開かれた扉から、カミーラを先頭にビデルとルロエが入って来る。ミシュラとカシュラはソファーからすぐに立ち上がると、レイラと同じように執務机の前に立ち並び入室者を迎えた。
「かけたまえ……」
カミーラはミシュラとカシュラが座っていたソファーに座りながら、対面のソファーに座るようビデルを促す。ルロエはビデルのソファーの後ろに立つと、チラッとレイラに目線を向け笑顔で会釈した。レイラも小さく会釈を返す。
「さて……それで?」
カミーラは「話の続き」を尋ねるようにビデルへ語りかける。入室前に会談は始まっていたのだろう。
「エルグレドの件は……まあ内調の勇み足でしょうから……『守りの盾』の探索は引き続き彼の隊に任せたいと思います」
「まだ何の糸口も見つかってはおらんのだろう? なあ、レイラ」
ビデルの発言を受け、カミーラが確認するように尋ねた。
「ええ。

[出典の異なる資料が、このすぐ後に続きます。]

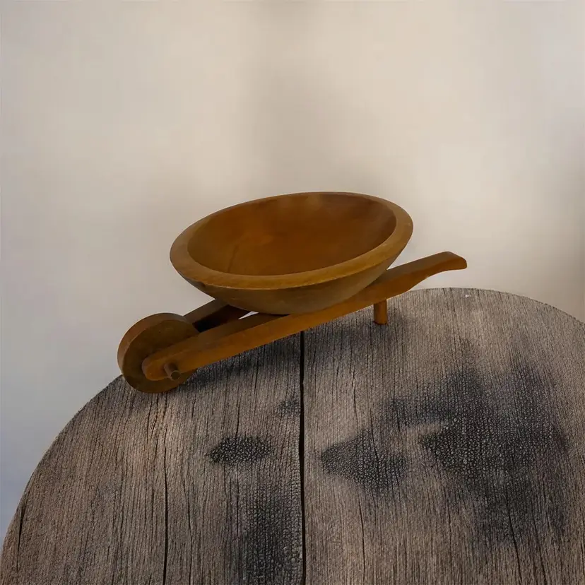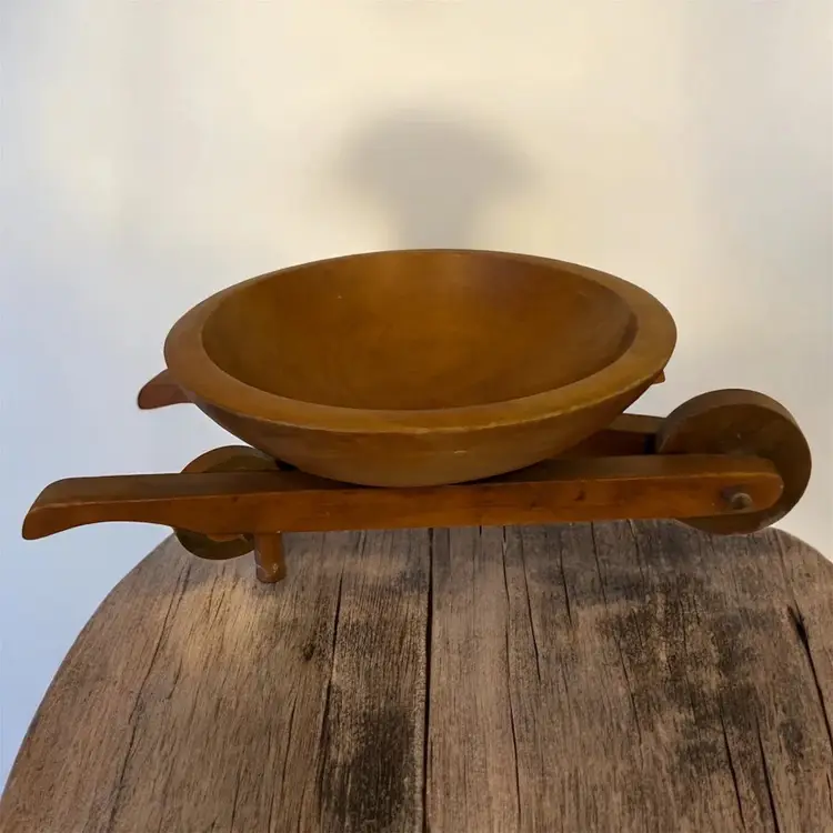 Experience a touch of nostalgia with our Vintage Mid Century Modern Woodcroftery Hand Carved Wood Wheelbarrow Nut and Fruit Bowl. Handcrafted with intricate details, this beautiful bowl not only adds a rustic touch to your home decor, but also serves as a practical and stylish way to display your favorite nuts and fruits. Perfect for entertaining guests or as a unique gift for any occasion. Measures approximately 10 inches long

ご報告した通りですわ」
すでに探索隊メンバーであるレイラから情報を入手していたカミーラは、勝ち誇ったような笑みを見せる。
「ルロエ……そういうことらしいぞ?」
「しつこい男だなぁ、君も……」
ルロエは失笑混じりにカミーラに答えた。
「3ヶ月の探索期間が終わるまでは諦めはしないし、彼らの働きを期待して信じて待つよ」
「とにかく大使……」
ビデルが話を引き取る。
「先の内陸地震により崩壊した5ヶ所の渓谷橋修復についてですが……やはり協議会から出されました『負担割』については……御再考いただきたいというのが閣僚会議での結論となっております」
「どの程度で話がまとまりそうだ?」
「方針は6対4……上限で7対3になるかと……サーガの大群行による被害もまだ全容が見えない状況下でもありますので……」
カミーラは頷きながら話を聞く。
「お前はどのラインで折れる?」
ビデルを品定めするように鋭い目線を向け、カミーラは問いかけた。
「そうですね……」
ビデルは少し考える素振りの後、視線をカミーラに向けて答える。
「8対2程度なら……もちろん労務協力として、エルフ族からの人的拠出も加えていただくことが条件にはなりますが……」
「なるほどな……いいだろう。ヒーズイットとはその線で話を進めることとしよう」
カミーラは納得した様子で答えた。
「ヒーズイット大臣との次の交渉はいつに?」
「一週間後だ。ヤツも軍部大将として色々忙しいそうでな……まあ、こちらも『間』をもって再交渉に臨むが益だろう」
「では……やはり今回は我々と御一緒に?」
「破損具合を直に確認した上での交渉となれば、ヒーズイットも納得だろう。お前らの調査に同行すれば『協力』の姿勢も示せるしな」
ビデルはチラッと背後のルロエに顔を向けた。その仕草に気付いたカミーラは、軽く頬を緩めて口を開く。
「ふん……別にそいつと一緒でも、こちらは構わんということだ」
ルロエは苦笑いを浮かべる。
「私はビデル大臣の護衛としての任務に専念するだけです」
ビデルはルロエとカミーラの言葉に頷くと、席を立つ。
「……わかりました。では高老大使、明朝9時に出発ということで省へお越し下さい」
「了解した」
ビデルはカミーラに一礼し、ルロエと共に扉に向かう。
「お前も下がれ」
扉を開きビデルを通したルロエは、背後でカミーラがレイラに発した声が聞こえ振り返った。指示された通り、レイラも扉に向かって歩き出す。ルロエはレイラが出て来るまで扉を開いたまま待っていた。
「ありがとうございます、ルロエさん」
レイラは微笑みながらお礼を述べる。
「こちらこそ……エシャーがお世話になっています」
ルロエも笑みを浮かべて答える。後ろ手に部屋の扉を閉める間際、カミーラの声が聞こえた。
「さて……ミシュラ、カシュラ、始めようか……」
レイラの顔からスッと笑みが消えた。